The issue at hand is that we find ourselves praying for what makes us happy over what should make us holy. There is a false notion being promoted in society that feeling “happy” holds primacy in the ethos of how we ought to navigate through life. This leads to all the things Paul warns us against: “immorality, impurity, licentiousness, idolatry, sorcery, hatreds, rivalry, jealousy, outbursts of fury, acts of selfishness, dissensions, factions, occasions of envy, drinking bouts, orgies, and the like” (Gal 5:19-20). All these behaviors are rooted in the flesh. Paul does not mince words: “I warn you, as I warned you before, that those who do such things will not inherit the kingdom of God” (Gal 5:21).
“I warn you, as I warned you before, that those who do such things will not inherit the kingdom of God”

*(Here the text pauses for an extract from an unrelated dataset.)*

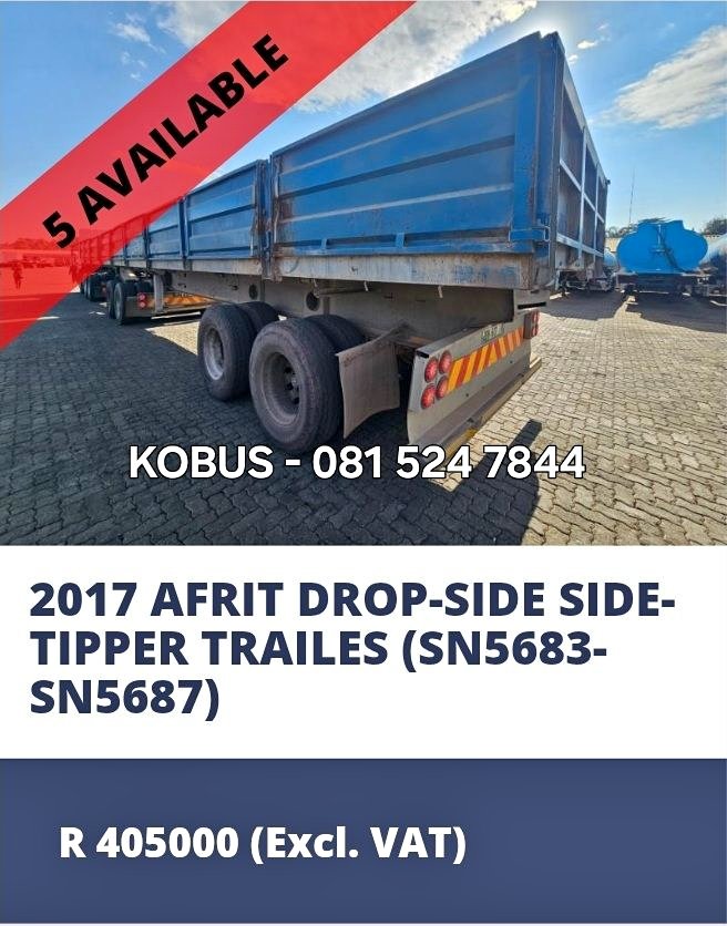 5 AVAILABLE 2017 AFRIT DROPSIDE TIPPER 800mm SIDES KOBUS -

When I pray the Office (the prayers priests and religious are obliged to pray), I often stop myself when my mind begins to wander towards what St. Ignatius calls “low and earthly things.” Why do my thoughts tend to dwell on such things? This forces me to examine my priorities, or in Augustinian terms, “my loves.” I am convinced that this is God’s way of showing me where my heart is. In God’s infinite wisdom, this period of meditation within prayer, I believe, is God’s way of communicating the areas of my life that require re-orientation.
“the fruit of the Spirit is love, joy, peace, patience, kindness, generosity, faithfulness, gentleness, and self-control”
This, I believe, is what it means to pray in the Spirit because at it’s very core is self-discipline. Paul states: “the fruit of the Spirit is love, joy, peace, patience, kindness, generosity, faithfulness, gentleness, and self-control” (Gal 5:22). I find it that when one prays in the flesh, with more worldly things in mind, what is evidently absent is the desire for self-mastery. The virtuous life demands self-control from worldly pleasures. This is something, I feel, is not being communicated enough in today’s age. The people of God, by and large, are not being challenged enough to detach themselves from the plethora of placebos that offer no real lasting joy. These placebos, more often than not, wage war against the soul (cf. 1 Pt 2:11).
Isn’t it odd that those who seem to have the most success also seem to have the most dysfunction? Look at those who live the Hollywood lifestyle, those the world showcase as the pinnacle of achievement. Why is the suicide rate exponentially higher among those who live in first world nations? I believe it’s because we’ve placed the measure of our self-worth and the value of life on the material. This breeds a culture of envy and jealousy that is diametrically opposed to the Spirit. Let us pray for the grace to seek the things that point heavenward. Let us pray for the things that will lead us to sanctity rather than profit, purity rather than pleasure, and selflessness rather than jealousy.